You can consider the lock, because the second parameter does not seem quite comfortable. Hmm ~ How can we test it? Paperen uses jmeter for test results

About jmeter can be downloaded here in http://jakarta.apache.org/site/downloads/downloads_jmeter.cgi, in the hands of evil people can be a horrible tool in the hands of kind people is a friendly tool.

You need to create two threads to send two requests to the server.

The specific configuration of paperen is not mentioned here. I have exported a plan file. You can try to open it to see how paperen is tested. Http://iamlze.cn/demo/locktable/locktable.jmx

Save it and import it. You must adjust the path of your local test. Finally, press ctrl + R (run) to view the response information of the request in the result tree under the thread.

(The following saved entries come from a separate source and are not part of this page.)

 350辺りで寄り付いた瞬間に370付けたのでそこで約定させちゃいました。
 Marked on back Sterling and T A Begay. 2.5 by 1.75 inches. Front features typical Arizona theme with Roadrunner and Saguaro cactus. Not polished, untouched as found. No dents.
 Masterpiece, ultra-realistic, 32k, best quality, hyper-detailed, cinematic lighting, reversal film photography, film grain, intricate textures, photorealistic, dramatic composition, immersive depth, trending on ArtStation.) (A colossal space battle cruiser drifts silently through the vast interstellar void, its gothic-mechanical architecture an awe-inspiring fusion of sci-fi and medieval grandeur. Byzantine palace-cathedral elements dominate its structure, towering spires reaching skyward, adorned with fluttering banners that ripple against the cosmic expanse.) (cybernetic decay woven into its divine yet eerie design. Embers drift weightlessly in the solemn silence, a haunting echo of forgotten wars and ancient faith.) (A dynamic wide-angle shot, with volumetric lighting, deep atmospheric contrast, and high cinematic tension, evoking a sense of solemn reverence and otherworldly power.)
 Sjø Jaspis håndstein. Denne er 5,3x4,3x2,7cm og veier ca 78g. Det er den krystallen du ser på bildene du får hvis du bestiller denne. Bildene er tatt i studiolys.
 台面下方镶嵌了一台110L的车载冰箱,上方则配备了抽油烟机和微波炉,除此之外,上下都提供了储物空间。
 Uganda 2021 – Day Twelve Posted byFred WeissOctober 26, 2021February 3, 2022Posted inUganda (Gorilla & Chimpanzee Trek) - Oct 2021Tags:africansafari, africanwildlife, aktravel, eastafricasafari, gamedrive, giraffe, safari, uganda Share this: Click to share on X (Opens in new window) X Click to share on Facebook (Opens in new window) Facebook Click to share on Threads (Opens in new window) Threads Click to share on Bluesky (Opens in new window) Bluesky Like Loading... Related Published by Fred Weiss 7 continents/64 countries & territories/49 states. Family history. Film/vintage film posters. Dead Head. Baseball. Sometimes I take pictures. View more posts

First, test the no-lock table (that is, the Code for the first no-lock and unlock operations) to see the results of the two threads.

All are OK ~~ View the database again

Then, change the number to 1, lock and unlock, add the lock table operation, and then run.

Okay, you don't need to read the data table. The result is obvious. Before the previous request is completed, all the subsequent requests will be waiting until the previous request is complete, that is, the taste of the queue.

To be honest, mysql transactions also need to be studied. paperen's understanding about the lock table is generated during the process of viewing the transaction, in the advanced application process, this technology is more important. More rigorous logic code and rigorous database management can further ensure the authenticity and accuracy of data. This is a real sense of future.